Could you output every record below exactly, leaving out the pictures?

[Opening Recorded information section]

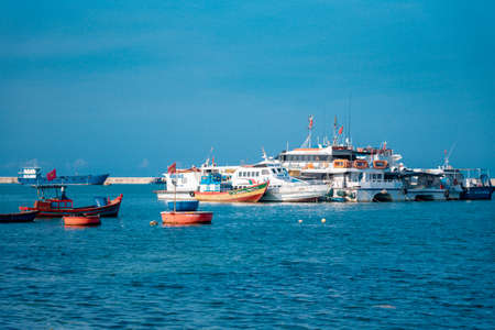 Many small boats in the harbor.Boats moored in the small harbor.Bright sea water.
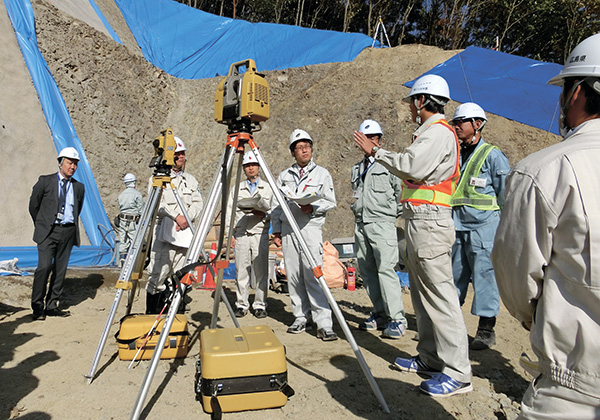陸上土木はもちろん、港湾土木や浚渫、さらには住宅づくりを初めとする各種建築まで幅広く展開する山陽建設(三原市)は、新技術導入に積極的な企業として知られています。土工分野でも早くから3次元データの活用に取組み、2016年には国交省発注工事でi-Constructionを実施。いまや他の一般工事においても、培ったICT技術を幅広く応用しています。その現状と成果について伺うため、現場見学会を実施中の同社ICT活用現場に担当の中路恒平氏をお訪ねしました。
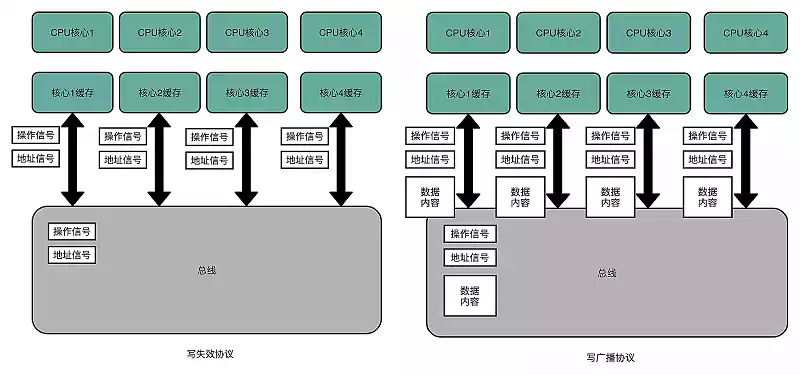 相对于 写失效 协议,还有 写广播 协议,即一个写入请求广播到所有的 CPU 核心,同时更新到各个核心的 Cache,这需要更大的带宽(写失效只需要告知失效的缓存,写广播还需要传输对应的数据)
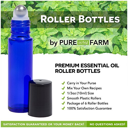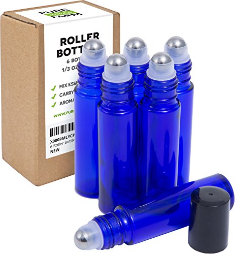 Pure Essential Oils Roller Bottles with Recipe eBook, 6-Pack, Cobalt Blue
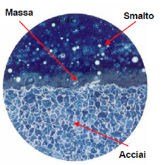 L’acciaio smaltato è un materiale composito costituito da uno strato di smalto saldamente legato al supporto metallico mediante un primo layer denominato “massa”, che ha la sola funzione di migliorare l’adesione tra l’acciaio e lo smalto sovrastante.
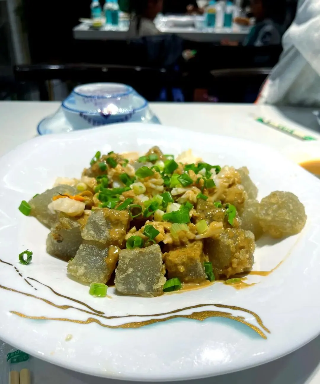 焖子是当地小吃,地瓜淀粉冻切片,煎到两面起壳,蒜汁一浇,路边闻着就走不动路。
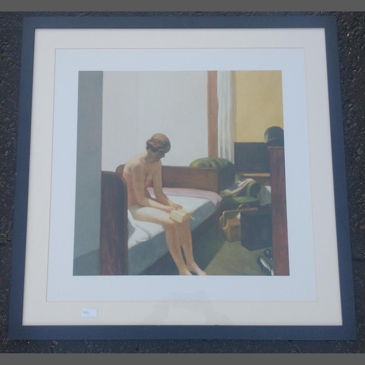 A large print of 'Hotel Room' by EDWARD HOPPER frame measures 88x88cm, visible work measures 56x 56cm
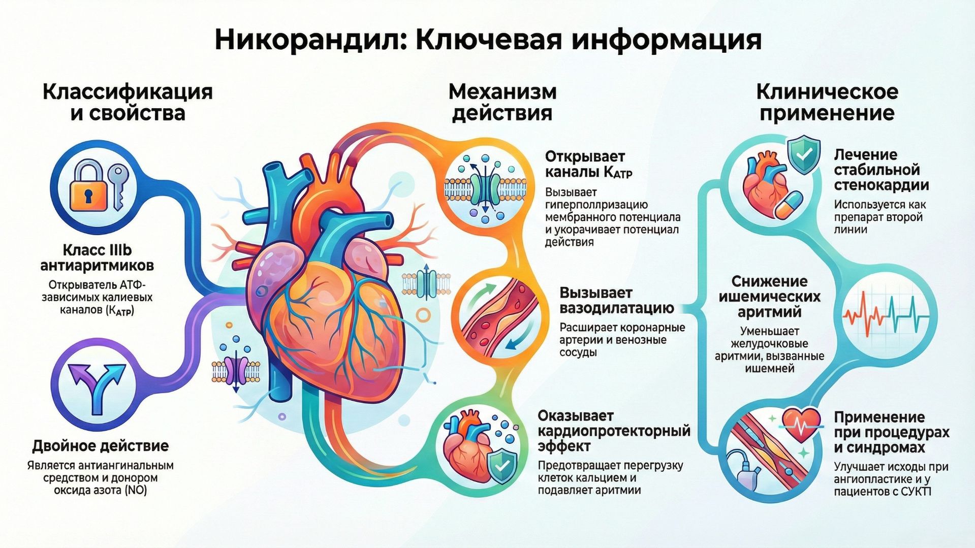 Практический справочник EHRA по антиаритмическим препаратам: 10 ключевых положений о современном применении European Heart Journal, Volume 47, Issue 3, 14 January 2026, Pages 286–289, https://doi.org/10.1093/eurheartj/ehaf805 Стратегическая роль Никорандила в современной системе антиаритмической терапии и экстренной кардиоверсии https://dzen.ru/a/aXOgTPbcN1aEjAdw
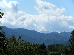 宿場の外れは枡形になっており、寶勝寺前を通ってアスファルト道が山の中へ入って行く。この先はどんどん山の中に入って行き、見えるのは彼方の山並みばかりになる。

[Closing Recorded information section]

Solution below:
 Many small boats in the harbor.Boats moored in the small harbor.Bright sea water.
陸上土木はもちろん、港湾土木や浚渫、さらには住宅づくりを初めとする各種建築まで幅広く展開する山陽建設(三原市)は、新技術導入に積極的な企業として知られています。土工分野でも早くから3次元データの活用に取組み、2016年には国交省発注工事でi-Constructionを実施。いまや他の一般工事においても、培ったICT技術を幅広く応用しています。その現状と成果について伺うため、現場見学会を実施中の同社ICT活用現場に担当の中路恒平氏をお訪ねしました。
 相对于 写失效 协议,还有 写广播 协议,即一个写入请求广播到所有的 CPU 核心,同时更新到各个核心的 Cache,这需要更大的带宽(写失效只需要告知失效的缓存,写广播还需要传输对应的数据)
 Pure Essential Oils Roller Bottles with Recipe eBook, 6-Pack, Cobalt Blue
 L’acciaio smaltato è un materiale composito costituito da uno strato di smalto saldamente legato al supporto metallico mediante un primo layer denominato “massa”, che ha la sola funzione di migliorare l’adesione tra l’acciaio e lo smalto sovrastante.
 焖子是当地小吃,地瓜淀粉冻切片,煎到两面起壳,蒜汁一浇,路边闻着就走不动路。
 A large print of 'Hotel Room' by EDWARD HOPPER frame measures 88x88cm, visible work measures 56x 56cm
 Практический справочник EHRA по антиаритмическим препаратам: 10 ключевых положений о современном применении European Heart Journal, Volume 47, Issue 3, 14 January 2026, Pages 286–289, https://doi.org/10.1093/eurheartj/ehaf805 Стратегическая роль Никорандила в современной системе антиаритмической терапии и экстренной кардиоверсии https://dzen.ru/a/aXOgTPbcN1aEjAdw
 宿場の外れは枡形になっており、寶勝寺前を通ってアスファルト道が山の中へ入って行く。この先はどんどん山の中に入って行き、見えるのは彼方の山並みばかりになる。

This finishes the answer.